Stored data.
/---

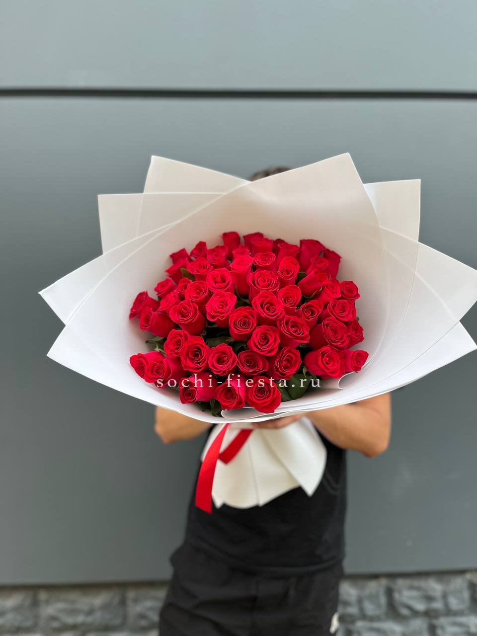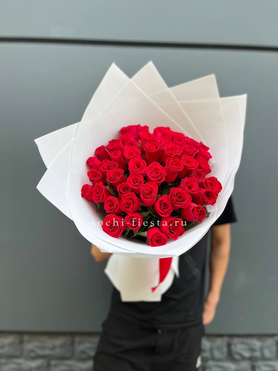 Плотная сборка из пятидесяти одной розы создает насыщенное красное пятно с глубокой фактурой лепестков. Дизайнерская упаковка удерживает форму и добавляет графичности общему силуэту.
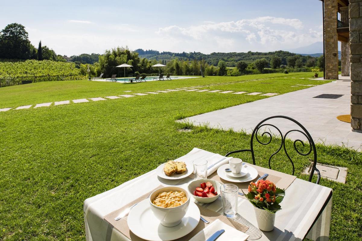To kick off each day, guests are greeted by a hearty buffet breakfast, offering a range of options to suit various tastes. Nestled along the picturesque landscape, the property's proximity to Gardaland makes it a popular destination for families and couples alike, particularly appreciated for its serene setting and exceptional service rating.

\---
/---

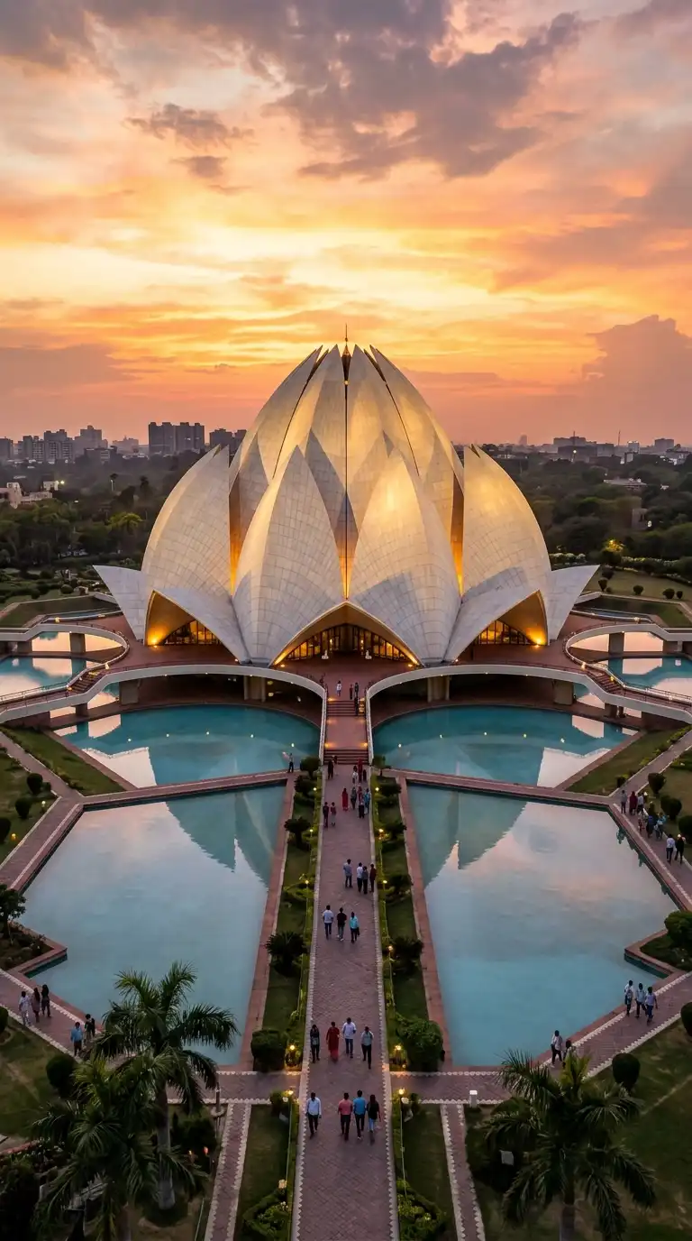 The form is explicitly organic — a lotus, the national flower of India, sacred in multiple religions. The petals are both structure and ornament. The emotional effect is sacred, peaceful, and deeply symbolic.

\---
/---

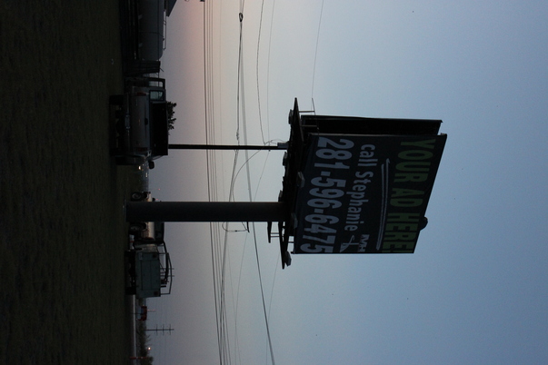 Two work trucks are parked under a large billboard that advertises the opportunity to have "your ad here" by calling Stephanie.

\---

Your instructions. In the listing above, find the line with "Плотная сборка из" and the line with "To kick off". Copy exactly those lines and all between them, minus the images.

Output for this task.
 Плотная сборка из пятидесяти одной розы создает насыщенное красное пятно с глубокой фактурой лепестков. Дизайнерская упаковка удерживает форму и добавляет графичности общему силуэту.
To kick off each day, guests are greeted by a hearty buffet breakfast, offering a range of options to suit various tastes. Nestled along the picturesque landscape, the property's proximity to Gardaland makes it a popular destination for families and couples alike, particularly appreciated for its serene setting and exceptional service rating.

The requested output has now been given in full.